Doğrusu, insan ne yazacağını şaşırıyor, bazen…
Örneğin geçtiğimiz günlere dair ne yazmalı , hangi konuyu tartışmalı!..
Diyelim ki; Ulusal Egemenlik ve Çocuk Bayramı üzerine ne yazılabilir?
Ülkeyi yönetenlere bakarsanız, her şey tıkırında…
Çocuklarımızın bugüne ve geleceğe dair tüm sorunları çözülmüş durumda!..
Hamasette sınır yok; at, atabildiğin kadar…
Ve ya, 23 Nisan günü; Başbakan ve muhalefet parti başkanlarının ( onlara “lider” diyemiyorum) üsluplarına, ne demeli…
Ankara’ya gelen yüzlerce çocuk, bu büyüklerin (!) hiddet ve şiddet dolu konuşmalarını nasıl algıladılar…
Yoksa çocuklar da “öfke de bir hitabet sanatıdır.” diyen Başbakan ve “ öfkede” herkese fark atan “muhaliflikten yorgun” Ana muhalefetin Başkanı’nın söz ve üsluplarının “örnek almanın “ telaşına mı düştüler…
Yarınlarda onlar da ülke yönetecekler ya…
Şimdiden tecrübe haneleri zenginleşmeli…
Ve ya ; ulusal bağımsızlıkla, ulusal egemenlik kavramı arasındaki bağlantı üzerine mi yazmalı!...
Ulusal bağımsızlık “ tam olarak “ gerçekleşmeden; gerçek bir ulusal egemenliğin olamayacağını mı tartışmalı…
Ya da; Cumhuriyet ile demokrasi ilişkisini mi ele almalı…
Baykal’ın, kurultay öncesi ve kurultayı unutarak, yaptığı demokrasi tanımlamalarından mı söz etmeliyiz.
Tabi , O ‘ nun partisi , “ parti içi demokrasi “ konusunda dünyaya örnek bir durumda ya !..
Başka, üniversiteler yazılabilir…
Şimdilik “türban” kaynaklı “gerilim” , yerini silaha bırakmış görünüyor…
Akdeniz Üniversitesi, Çukurova Üniversitesi; hedefte ve sırada hangi üniversite var ? … Tartışılmaya değmez mi? …

Ya liseler!..
Çağdışı hurafeciliğin propaganda yapıldığı, kasetli beyin yıkama çabaları, daha az mı önemli? …
Bilim nerede kalmış, bilimsel yöntem nerelere uçurulmuş!..
Ne demeli, ne söylemeli ; Bay Hüseyin Çelik!..
Haa, bir de “ pirinç “  konusu var ; “ taşının ayıklanması “ gereken… Tütün , şeker derken , şimdi de pirinç !,,
Bu ülkenin tarımı ne hallere düşürülmüş!..
Sorumlusu kim?
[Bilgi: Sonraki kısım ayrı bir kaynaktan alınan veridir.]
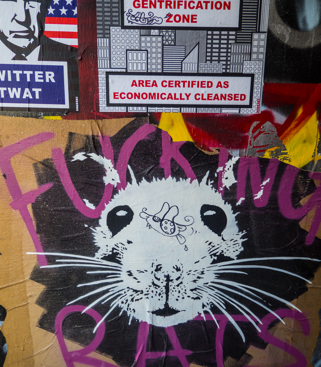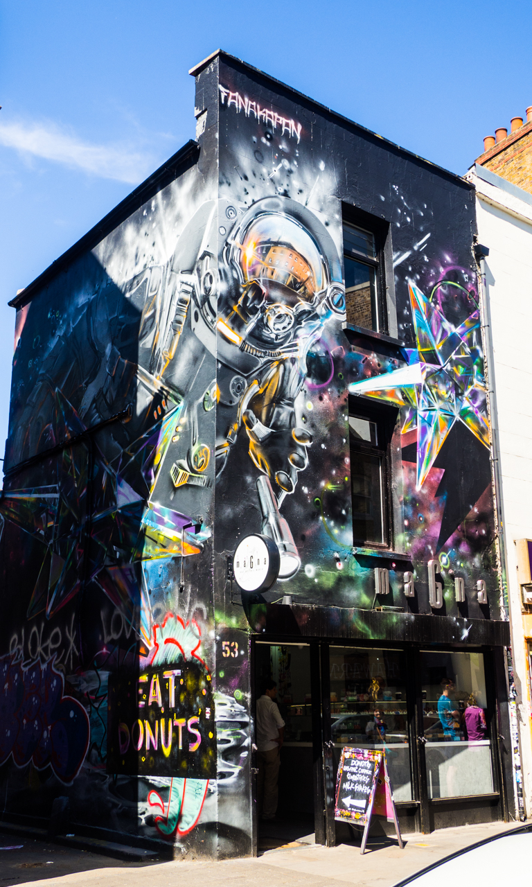 On trouve à Brick Lane un mélange étonnant de boutiques branchées, de restaurants indiens et d’appartements un peu délabrés qui devraient disparaître sous peu puisque Brick Lane est en cours de gentrification, ce qui n’est pas forcément du goût des locaux purs et durs qui ne voient pas toujours d’un bon oeil l’arrivée des hipsters et designers.

Tartışılmaya, yazılmaya değmez mi?
Bir de “ ayaklar baş olursa …” meselesi var; yazılmayı, tartışılmayı hak eden…
Ne demeli ; “ Bazıları bir omurga ile idare edebilecekken fazladan bir kafatasına sahip olunca…” (Einstein) işin şirazesi kaçıyor işte…
Görüldüğü üzre; kıyısından, köşesinden sıralasak bile; ne çok yazılacak, tartışılacak konu çıkıyor karşımıza…
Neyse; Ozan ne demiş; “Mayıs ayların gülüdür…”

1 Mayıs, 6 Mayıs yaklaşıyor…
Güllerle, karanfillerle; illerde karanfillerle alanlara…
Cümle âleme cevap olsun ve bir de; Kazdağları’nın gülleri, çiçekleri solmasın, zehirlenmesin, diye…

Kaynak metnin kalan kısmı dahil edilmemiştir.